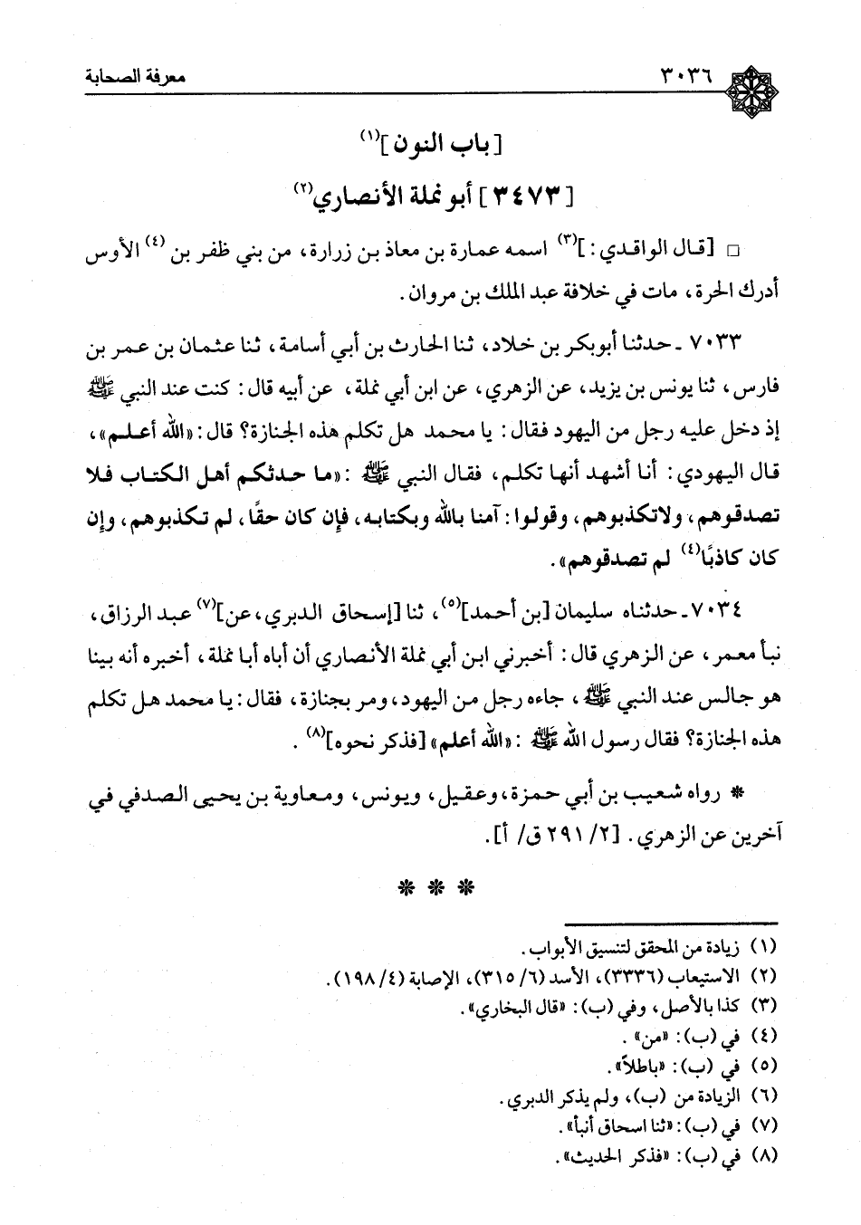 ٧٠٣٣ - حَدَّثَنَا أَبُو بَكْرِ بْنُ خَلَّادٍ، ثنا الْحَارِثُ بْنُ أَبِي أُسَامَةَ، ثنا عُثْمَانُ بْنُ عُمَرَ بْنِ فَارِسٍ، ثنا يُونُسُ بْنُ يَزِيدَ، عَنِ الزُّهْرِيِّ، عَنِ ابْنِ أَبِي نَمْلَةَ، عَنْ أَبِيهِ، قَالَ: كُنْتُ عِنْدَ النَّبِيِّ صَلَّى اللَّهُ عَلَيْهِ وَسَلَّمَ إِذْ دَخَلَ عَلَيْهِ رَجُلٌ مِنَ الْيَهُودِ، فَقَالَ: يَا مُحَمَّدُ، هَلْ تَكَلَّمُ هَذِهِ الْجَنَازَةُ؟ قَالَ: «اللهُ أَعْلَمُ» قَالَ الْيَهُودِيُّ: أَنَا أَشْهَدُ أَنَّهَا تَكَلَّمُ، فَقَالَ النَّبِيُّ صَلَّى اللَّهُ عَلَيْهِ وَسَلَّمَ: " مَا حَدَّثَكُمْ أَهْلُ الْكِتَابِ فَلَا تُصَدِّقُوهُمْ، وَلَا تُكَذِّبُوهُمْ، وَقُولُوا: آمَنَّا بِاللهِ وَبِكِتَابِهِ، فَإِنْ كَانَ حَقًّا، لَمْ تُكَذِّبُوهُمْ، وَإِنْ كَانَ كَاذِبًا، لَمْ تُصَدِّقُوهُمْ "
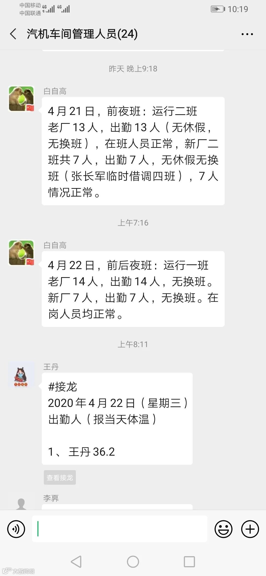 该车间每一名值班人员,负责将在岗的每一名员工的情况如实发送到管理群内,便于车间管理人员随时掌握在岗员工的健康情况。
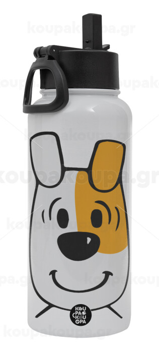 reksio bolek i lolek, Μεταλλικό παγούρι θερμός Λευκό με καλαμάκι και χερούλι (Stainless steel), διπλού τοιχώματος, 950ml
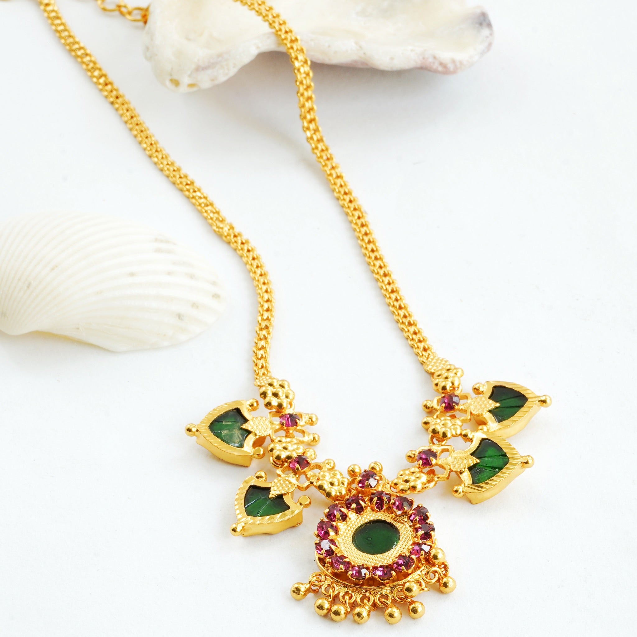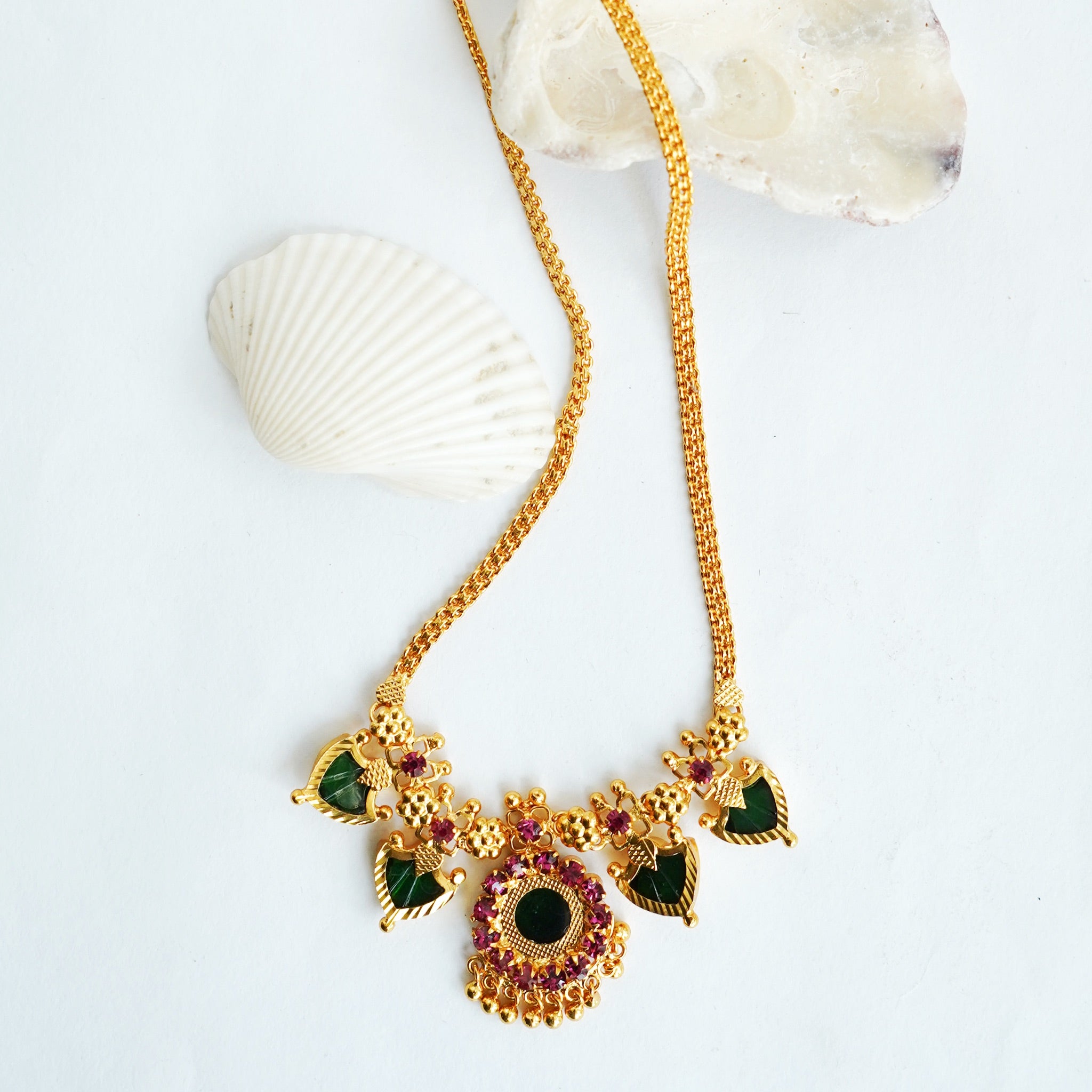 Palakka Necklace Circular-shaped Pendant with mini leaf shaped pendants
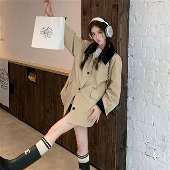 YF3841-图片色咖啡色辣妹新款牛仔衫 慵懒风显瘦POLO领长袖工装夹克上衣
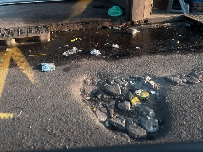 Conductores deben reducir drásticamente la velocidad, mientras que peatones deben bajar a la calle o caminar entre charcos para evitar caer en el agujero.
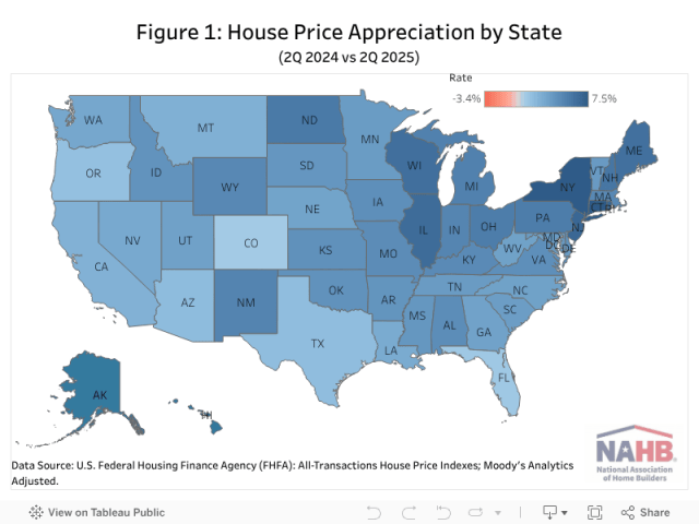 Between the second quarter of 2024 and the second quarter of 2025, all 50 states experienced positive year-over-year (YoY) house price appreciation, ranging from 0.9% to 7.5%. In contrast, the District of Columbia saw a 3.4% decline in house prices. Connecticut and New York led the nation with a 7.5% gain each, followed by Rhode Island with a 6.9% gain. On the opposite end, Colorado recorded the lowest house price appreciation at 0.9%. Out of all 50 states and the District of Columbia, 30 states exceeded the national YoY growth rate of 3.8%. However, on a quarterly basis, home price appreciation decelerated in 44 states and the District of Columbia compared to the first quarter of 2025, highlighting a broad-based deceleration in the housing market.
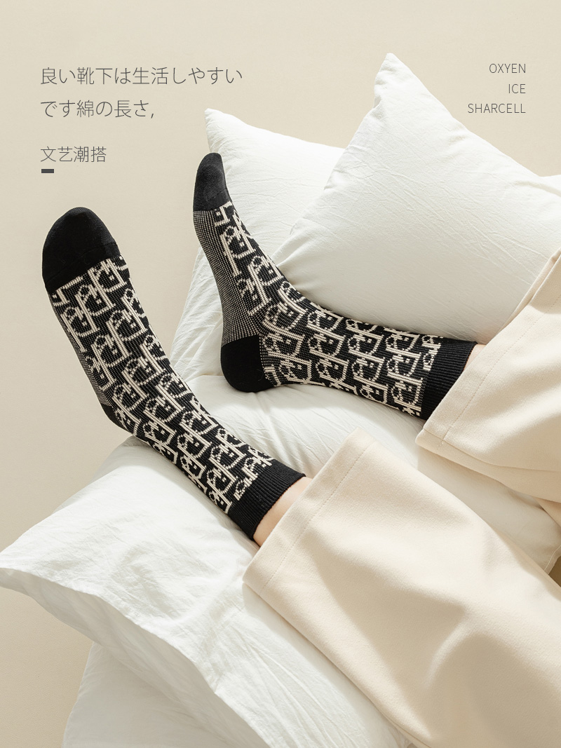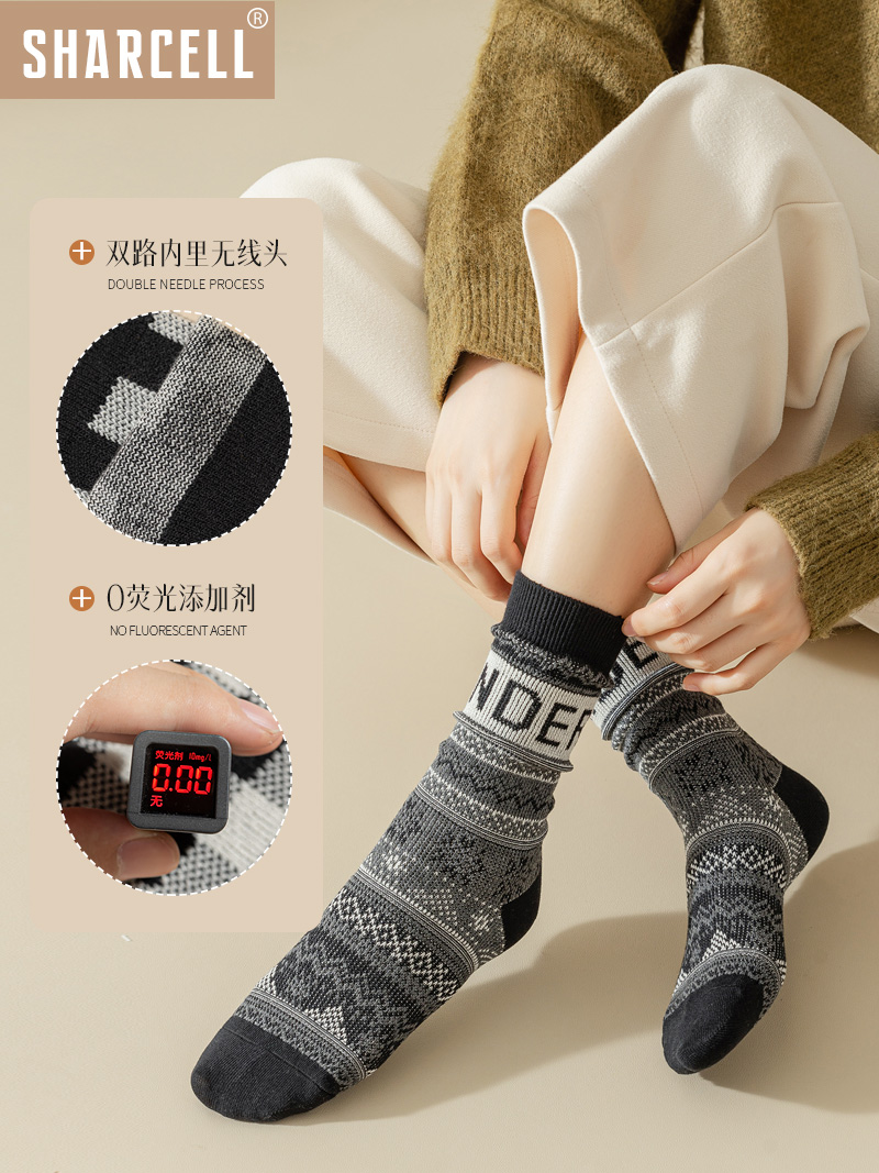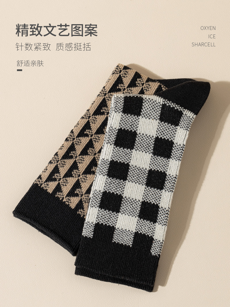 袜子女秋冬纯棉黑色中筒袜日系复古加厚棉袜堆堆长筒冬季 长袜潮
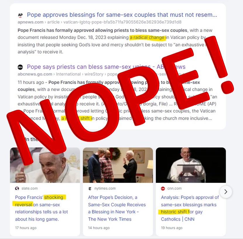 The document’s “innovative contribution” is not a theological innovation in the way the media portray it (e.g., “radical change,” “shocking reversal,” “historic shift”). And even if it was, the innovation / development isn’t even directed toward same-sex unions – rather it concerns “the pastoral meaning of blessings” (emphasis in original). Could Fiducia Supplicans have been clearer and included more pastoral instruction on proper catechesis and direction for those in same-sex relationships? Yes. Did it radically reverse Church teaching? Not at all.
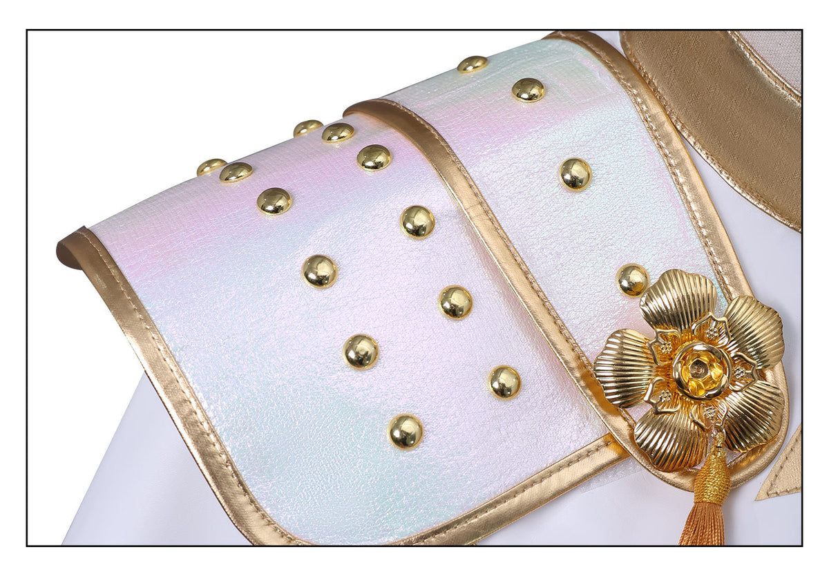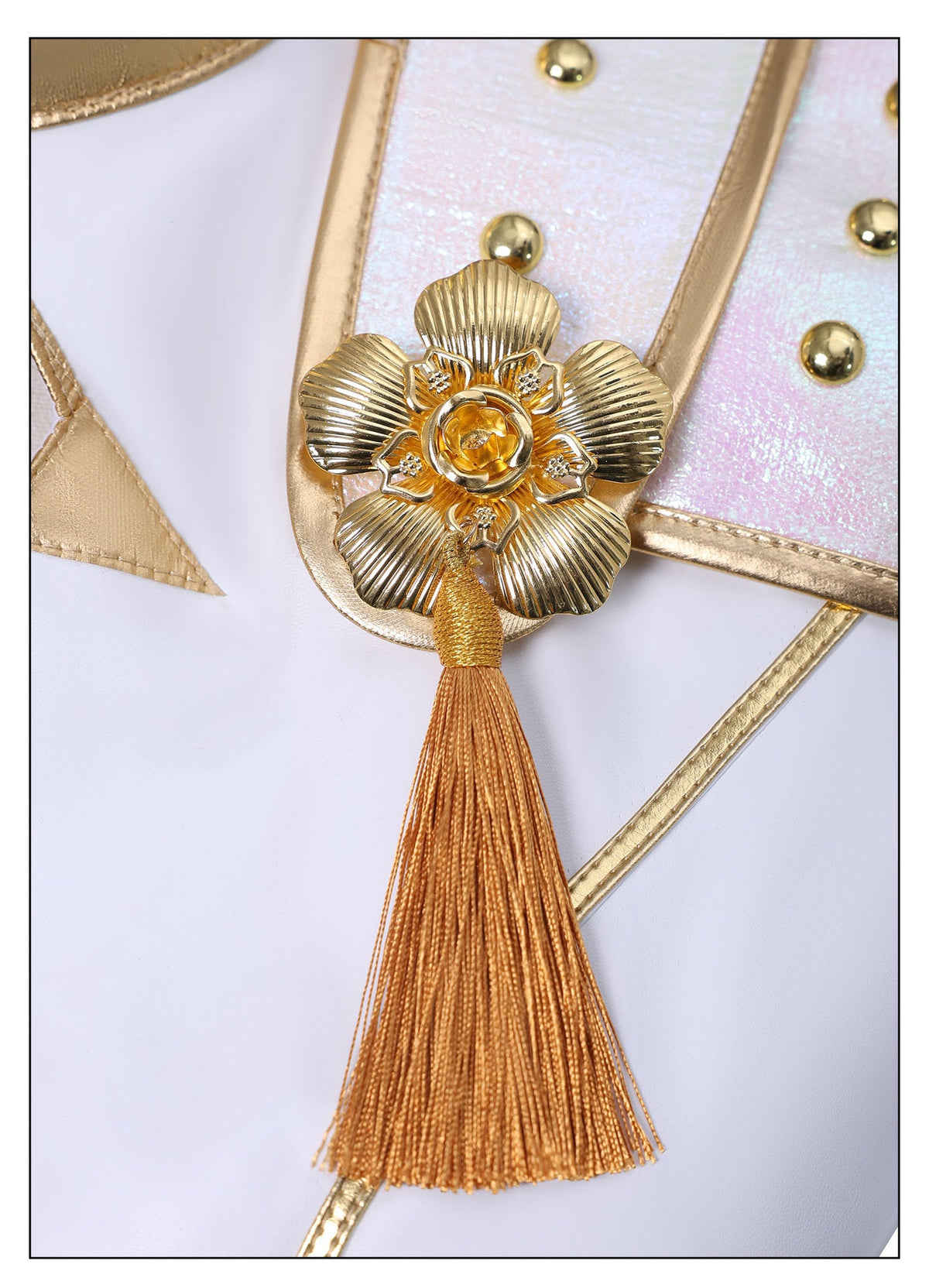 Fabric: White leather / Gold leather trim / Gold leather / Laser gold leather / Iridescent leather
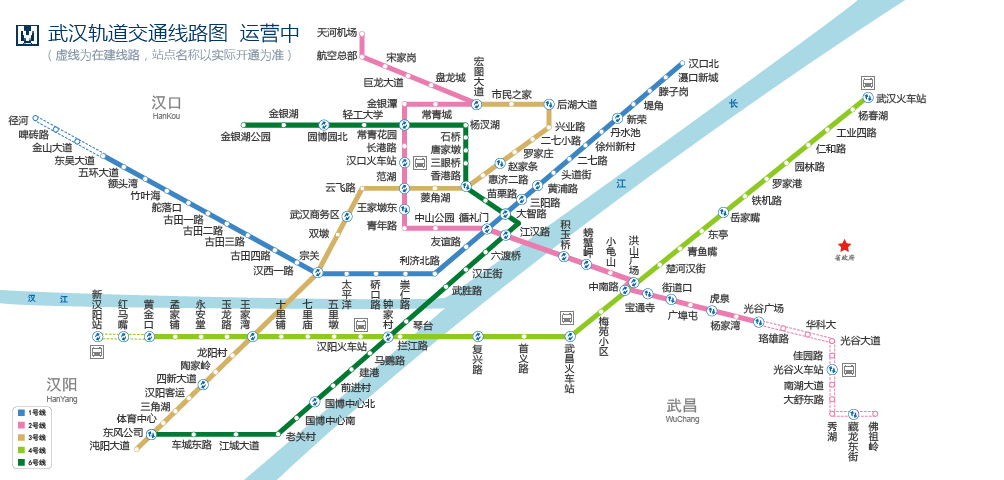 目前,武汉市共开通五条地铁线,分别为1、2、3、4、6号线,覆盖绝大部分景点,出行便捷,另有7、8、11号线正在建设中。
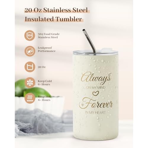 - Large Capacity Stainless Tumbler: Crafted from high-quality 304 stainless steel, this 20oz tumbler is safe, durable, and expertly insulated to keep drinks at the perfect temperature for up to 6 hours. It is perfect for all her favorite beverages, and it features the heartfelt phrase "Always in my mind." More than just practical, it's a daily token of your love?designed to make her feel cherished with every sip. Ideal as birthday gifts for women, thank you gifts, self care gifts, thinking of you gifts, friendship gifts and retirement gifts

▶ _WHAT YOU ARE ASKED TO DO_
Please give back exactly the lines from the first line of the records above through the line containing "Conductores deben reducir", only those and both included, with the pictures removed.

▶ _SOLUTION TO THIS PROBLEM_
 ٧٠٣٣ - حَدَّثَنَا أَبُو بَكْرِ بْنُ خَلَّادٍ، ثنا الْحَارِثُ بْنُ أَبِي أُسَامَةَ، ثنا عُثْمَانُ بْنُ عُمَرَ بْنِ فَارِسٍ، ثنا يُونُسُ بْنُ يَزِيدَ، عَنِ الزُّهْرِيِّ، عَنِ ابْنِ أَبِي نَمْلَةَ، عَنْ أَبِيهِ، قَالَ: كُنْتُ عِنْدَ النَّبِيِّ صَلَّى اللَّهُ عَلَيْهِ وَسَلَّمَ إِذْ دَخَلَ عَلَيْهِ رَجُلٌ مِنَ الْيَهُودِ، فَقَالَ: يَا مُحَمَّدُ، هَلْ تَكَلَّمُ هَذِهِ الْجَنَازَةُ؟ قَالَ: «اللهُ أَعْلَمُ» قَالَ الْيَهُودِيُّ: أَنَا أَشْهَدُ أَنَّهَا تَكَلَّمُ، فَقَالَ النَّبِيُّ صَلَّى اللَّهُ عَلَيْهِ وَسَلَّمَ: " مَا حَدَّثَكُمْ أَهْلُ الْكِتَابِ فَلَا تُصَدِّقُوهُمْ، وَلَا تُكَذِّبُوهُمْ، وَقُولُوا: آمَنَّا بِاللهِ وَبِكِتَابِهِ، فَإِنْ كَانَ حَقًّا، لَمْ تُكَذِّبُوهُمْ، وَإِنْ كَانَ كَاذِبًا، لَمْ تُصَدِّقُوهُمْ "
 该车间每一名值班人员,负责将在岗的每一名员工的情况如实发送到管理群内,便于车间管理人员随时掌握在岗员工的健康情况。
 reksio bolek i lolek, Μεταλλικό παγούρι θερμός Λευκό με καλαμάκι και χερούλι (Stainless steel), διπλού τοιχώματος, 950ml
 Palakka Necklace Circular-shaped Pendant with mini leaf shaped pendants
 YF3841-图片色咖啡色辣妹新款牛仔衫 慵懒风显瘦POLO领长袖工装夹克上衣
 Conductores deben reducir drásticamente la velocidad, mientras que peatones deben bajar a la calle o caminar entre charcos para evitar caer en el agujero.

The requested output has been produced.